Fish oils: the different types

Fatty fish contain significant amounts of oil in all body tissues and the abdominal cavity. The most important sources of fish oil are farmed salmon and cod liver; the product, once purified by molecular distillation, is integrated with tocopherol and enclosed in opercula or gelatin pearls. The fish that contain the highest quantities of fish oil are:

Benefits of fish oil

Oily fish is rich in omega-3 polyunsaturated fatty acids, which help reduce inflammation and potentially even the risk of heart disease, cancer and arthritis. Both white and oily fish are good sources of lean protein. White fish contains fatty acids, but only in the liver and in smaller quantities.

Fish oil is used for its properties:

Consuming oily fish can help protect against cardiovascular disease, preserving the arteries and heart even during periods of high stress. Fish oil may offer protection from senile dementia by counteracting neuroinflammation and neuronal death of brain cells. Consumption of oily fish may also protect against oral and skin cancers. Omega-3 fatty acids have been shown to selectively inhibit the growth of malignant and pre-malignant cells at doses that do not affect normal cells. Consuming oily fish during the last months of pregnancy can have positive effects on a baby's sensory, cognitive and motor development. Furthermore, DHA is indicated against vision disorders, especially in elderly people. At a metabolic level, however, the daily intake of 2-4 g of fish oil would appear to be effective in reducing blood triglyceride concentrations by over 20% and LDL cholesterol concentrations by approximately 10-15% in just a few weeks.
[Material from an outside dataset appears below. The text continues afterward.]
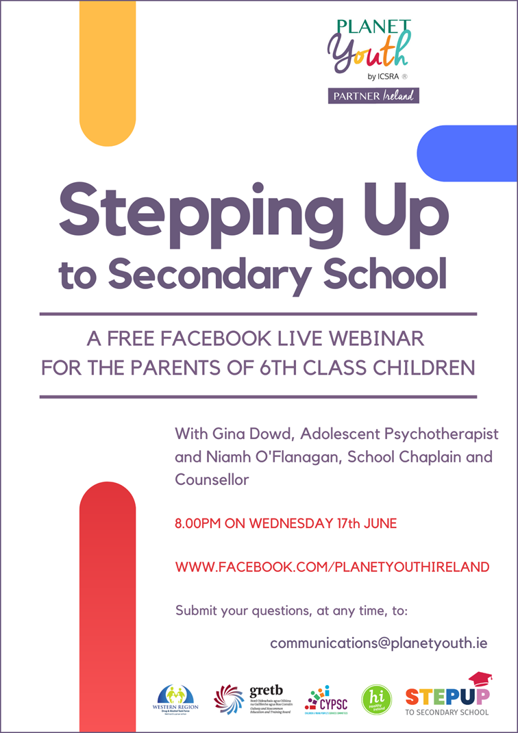 This is an event that has been organised for the parents of 6th class children and it will give you some useful information on how to support your child over the summer and assist them in getting ready for their school transition. Niamh and Gina will be covering a lot of the frequently asked questions that parents often ask.

Fish oil and neurodegenerative diseases: what connections?

According to several experts, the constant intake of fish oil would reduce histological lesions and the consequent decline in cognitive, mnemonic, perceptive and motor functions in patients suffering from pathologies such as Alzheimer's or multiple sclerosis.
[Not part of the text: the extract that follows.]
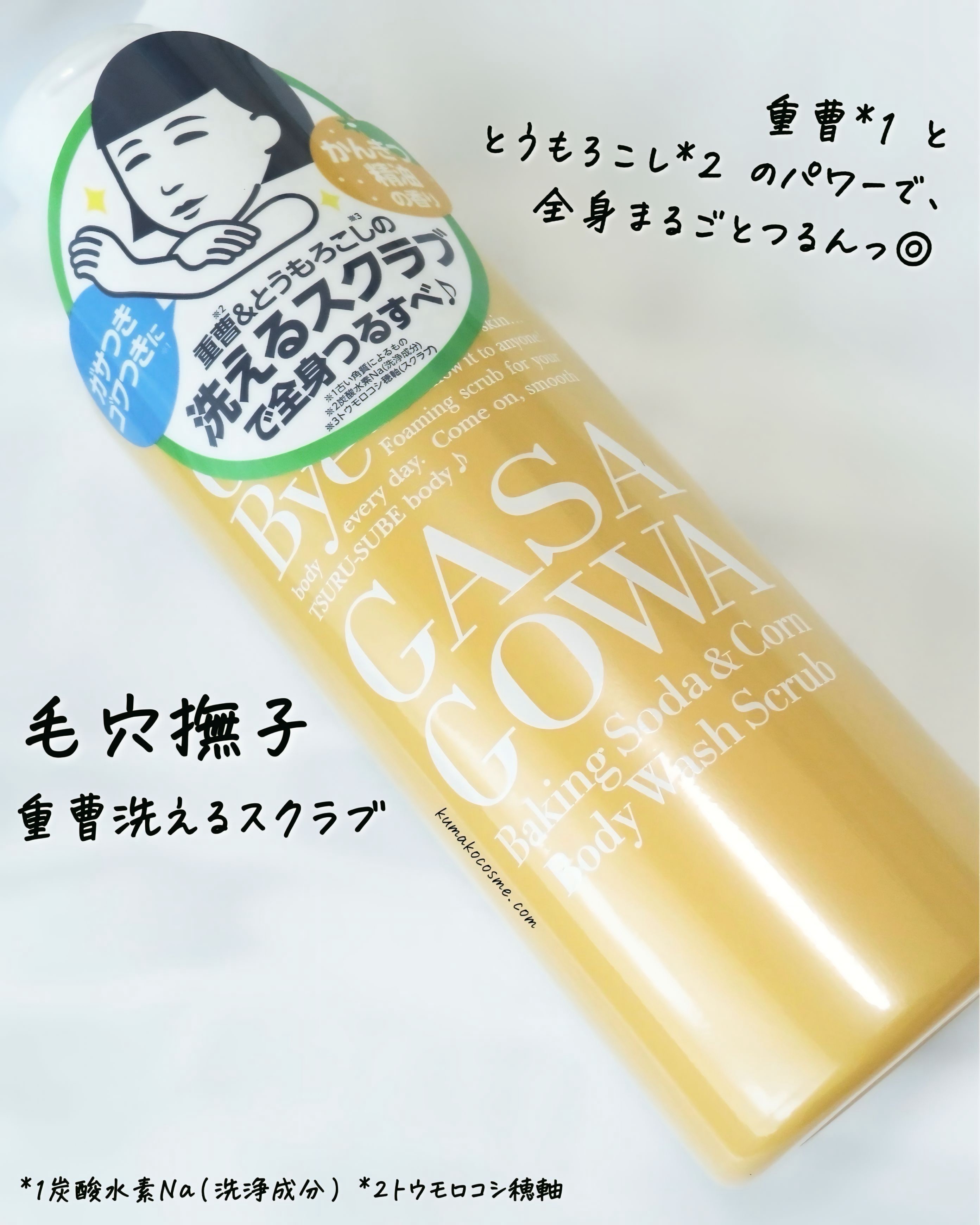 - ブツブツ二の腕にザラザラかかと・・・気になる全身のガサつき・ゴワつき*1は重曹*2&とうもろこし*3の洗えるスクラブで丸ごとつるんっ♪ 重曹が角質をゆるめ汚れを浮かせ、とうもろこしのやわらかスクラブでやさしい使い心地で磨きます。 思わず撫でたくなるようなつるすべボディに。 しっかり泡立てるとボディソープにもなる1本2役。毎日使えます。 かんきつ精油の香り。 *1 古い角質によるもの *2 炭酸水素Na(洗浄成分) *3 トウモロコシ穂軸

Fish oil intake: daily doses

Usually, the intake of fish oil occurs through the use of capsules, capsules or liquid solutions to drink from 300 to 850 mg of omega 3 fatty acids, easily available on the market, both in pharmacies, parapharmacies or supermarkets. In order to preserve the fatty acids themselves from the harmful processes of lipoperoxidation, fish oil supplements should be enriched with antioxidant vitamins, such as vitamin E. As regards the dosage recommended by experts, however, it is 1-5 g daily , to be taken preferably during meals. They are generally prescribed as follows: 5 g per day for the treatment of lipid, cardiovascular and metabolic decompensations, therefore in the presence of high cholesterol and triglyceride levels; 3 g per day for the management of inflammatory pathologies, 1 g per day for the prevention of oxidative damage.

Conclusions

Oily fish has been linked to many health benefits and can be enjoyed as part of a balanced diet. From a nutritional point of view, oily fish is a good source of protein and omega-3, however it is better to consume large fish in moderation, due to the presence of mercury in the meat.